Boy is he ever right. The Republicans, and most of the independents, I talk to are furious about the border situation. And they're furious about Washington not doing anything.
The problem really isn't that Mexicans are coming north in large numbers, I'd (like most of my friends and family) have no problem if they could all come north legally. Anyone who says this is about race or whatnot is wrong and clueless.
This is about America being a nation of laws...laws that our politicians won't enforce and cry that it's 'too hard'. Well, if it's 'too hard' then what are you doing in politics? Politics is about doing hard things for the good of the nation, not about making yourselves rich with the corruption known as porkbarrel.
No, what we have found is a bunch of whining children compmlaining that we voters actually expect them to do their job.
So, let's help them.
First off, the misnamed 'Immigration Debate' needs clarity.

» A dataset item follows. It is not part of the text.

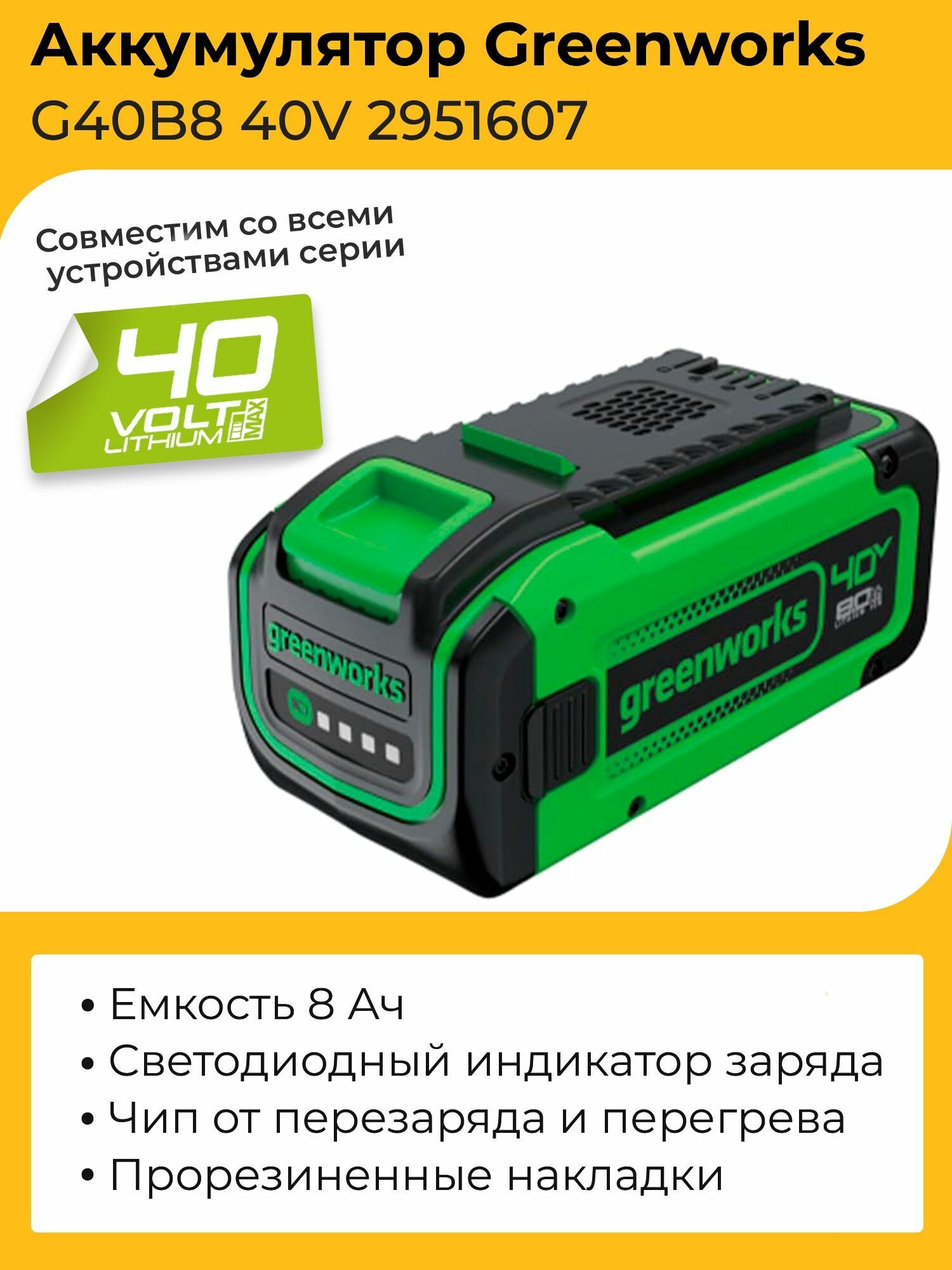 Батарея аккумуляторная GREENWORKS G40B8, 40В, 8Ач, Li-Ion [2951607]

This is really three issues here.
- Border Security - Should the US actually enforce it's own laws with regards to the US border? What does it tell us about our national leadership if they don't view of the territorial security of the US as important?

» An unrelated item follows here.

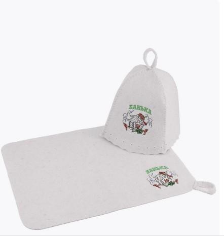 Набор 2-х предметный Эко, "Банька" (шапка с вышивкой, коврик). Размер индивидуальной упаковки: 0,37х0,24х0,02 м. Индивидуальная упаковка: пакет. Состав: шерсть 70%, полиэстер 30%. Срок хранения: не ограничен.

Until politicians get serious about this no one should take the lip service we're hearing seriously. - Holding Politicians Accountable - As an offshoot of 1, any politician who is't doing what they can to help enforce US laws (ie, how San Francisco is a 'safe zone') should be exposed and left to the voters.
But what we need to do here is have a Solomon Amendment-like system where any agency/body/municipality that chooses to not enforce US law not be entitled to any federal funds. That some cities are allowed to be in open defiance of valid federal law is unacceptal and feeds the problem. - Mexico's in trouble - There's no two ways about it, any nation that's shedding 500,000 able-bodied workers a year to another country has massive internal problems. Mexico needs 1) Capitalism...the real kind, not the cronyistic version they've seen before, 2) Governmental reform, the government structure in Mexico seems horrible broken as it can't police it's territory, control it's police, or provide the safety needed for businesses to grow, and 3) Hope, which is the hardest thing to provide but the one thing most desperately needed.
So America can handle 1 and 2, and must if it's to continue. But 3 is something Mexico must deal with, even if we have to help.
If Mexicans are coming north to do jobs 'Americans won't do', perhaps Americans should also head south to do jobs Mexicans won't do.


2 comments:
Amen - I hope the big fence helps.
Agreed, and I hope we find some way to help Mexico live up to it's potential too. They're too great a people to be cursed with a government like that.